## DESCRIPTION OF THE TASK
Print nothing but the lines below starting at the line that holds "New Desktop PU" and ending at the line that holds "Un bagno funzionale", including both, each exactly as written.

━━━━━ DATA RECORDS

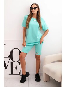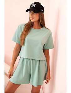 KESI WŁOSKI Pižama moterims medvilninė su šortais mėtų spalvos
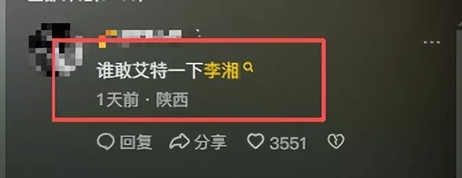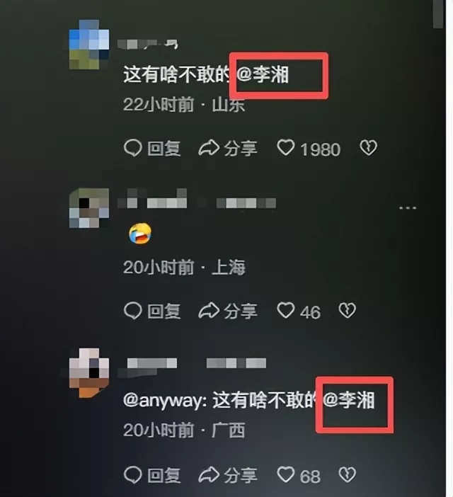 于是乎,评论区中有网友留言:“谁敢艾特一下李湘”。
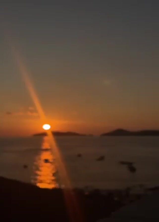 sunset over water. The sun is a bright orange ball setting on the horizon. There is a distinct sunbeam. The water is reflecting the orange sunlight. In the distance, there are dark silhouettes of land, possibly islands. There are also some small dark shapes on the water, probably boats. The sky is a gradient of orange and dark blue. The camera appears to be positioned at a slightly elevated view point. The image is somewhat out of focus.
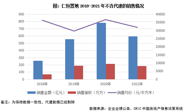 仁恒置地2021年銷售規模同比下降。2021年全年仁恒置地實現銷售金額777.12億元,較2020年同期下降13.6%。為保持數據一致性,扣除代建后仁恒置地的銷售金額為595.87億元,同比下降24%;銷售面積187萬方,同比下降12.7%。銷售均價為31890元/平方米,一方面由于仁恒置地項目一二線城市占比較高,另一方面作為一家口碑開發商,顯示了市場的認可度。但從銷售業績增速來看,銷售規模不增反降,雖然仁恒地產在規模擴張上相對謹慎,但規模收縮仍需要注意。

━━━━━━━━━━
━━━━━ DATA RECORDS

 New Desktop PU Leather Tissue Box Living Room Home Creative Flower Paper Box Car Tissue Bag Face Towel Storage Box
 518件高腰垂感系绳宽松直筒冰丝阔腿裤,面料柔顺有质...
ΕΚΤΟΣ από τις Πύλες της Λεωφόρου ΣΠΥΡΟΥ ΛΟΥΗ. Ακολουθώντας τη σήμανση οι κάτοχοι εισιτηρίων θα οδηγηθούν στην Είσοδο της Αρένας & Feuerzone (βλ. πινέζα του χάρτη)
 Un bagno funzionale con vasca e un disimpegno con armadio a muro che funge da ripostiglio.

━━━━━━━━━━

## TASK SOLUTION
 New Desktop PU Leather Tissue Box Living Room Home Creative Flower Paper Box Car Tissue Bag Face Towel Storage Box
 518件高腰垂感系绳宽松直筒冰丝阔腿裤,面料柔顺有质...
ΕΚΤΟΣ από τις Πύλες της Λεωφόρου ΣΠΥΡΟΥ ΛΟΥΗ. Ακολουθώντας τη σήμανση οι κάτοχοι εισιτηρίων θα οδηγηθούν στην Είσοδο της Αρένας & Feuerzone (βλ. πινέζα του χάρτη)
 Un bagno funzionale con vasca e un disimpegno con armadio a muro che funge da ripostiglio.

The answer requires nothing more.